[Opening Given entries section]

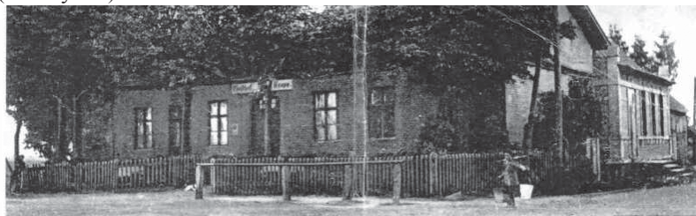
Gruß aus Redel, Krs. Belgard

- Obecnie w Redle mieszka około 1200 osób, zamieszkujących w 320 gospodarstwach domowych.
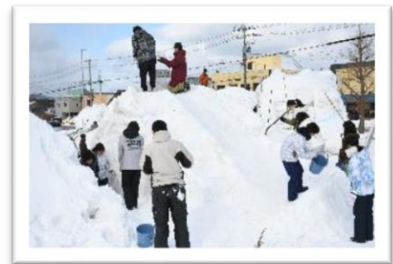
【昨年度の雪像づくりの様子】

例年、本校生徒会も雪像づくりを通して地域の行事に参加させていただいておりましたが、新型コロナウイルスを封じこみ、晴れて開催の際には、改めて参加をさせていただきたいと思っております。
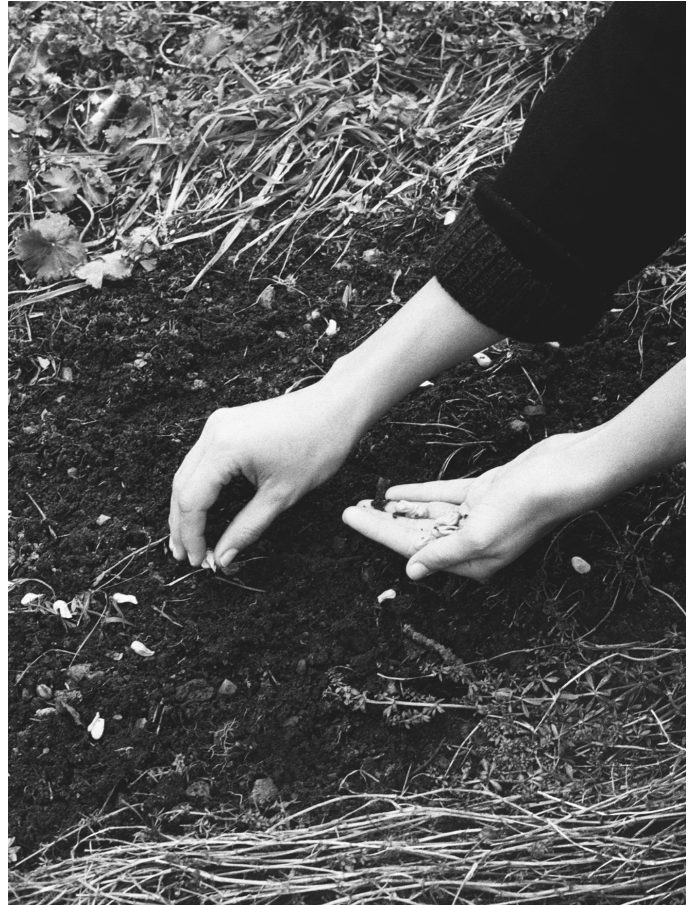
Sans titre, 2023.
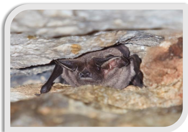
Figure 2 : Molosse de Cestoni et Vespère de Savi

Plusieurs espèces sont susceptibles de fréquenter les falaises, mais deux sont tout particulièrement inféodées au milieu rupicole, il s'agit du Molosse de Cestoni et du Vespère de Savi.
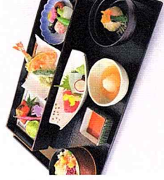
境内レストラン「よよぎ」、 明治記念館のお食事代割引

※掲載の会員特典は一例です。待遇を受ける際には会員証をご提示ください その他、様々な企画を随時開催しております

[Closing Given entries section]

◆ Directions for this task:
Word for word, retype the lines from the one that contains "Sans titre, 2023." through the final line of the data, both ends included, excluding pictures.

◆ Solution for this problem:
Sans titre, 2023.
Figure 2 : Molosse de Cestoni et Vespère de Savi

Plusieurs espèces sont susceptibles de fréquenter les falaises, mais deux sont tout particulièrement inféodées au milieu rupicole, il s'agit du Molosse de Cestoni et du Vespère de Savi.
境内レストラン「よよぎ」、 明治記念館のお食事代割引

※掲載の会員特典は一例です。待遇を受ける際には会員証をご提示ください その他、様々な企画を随時開催しております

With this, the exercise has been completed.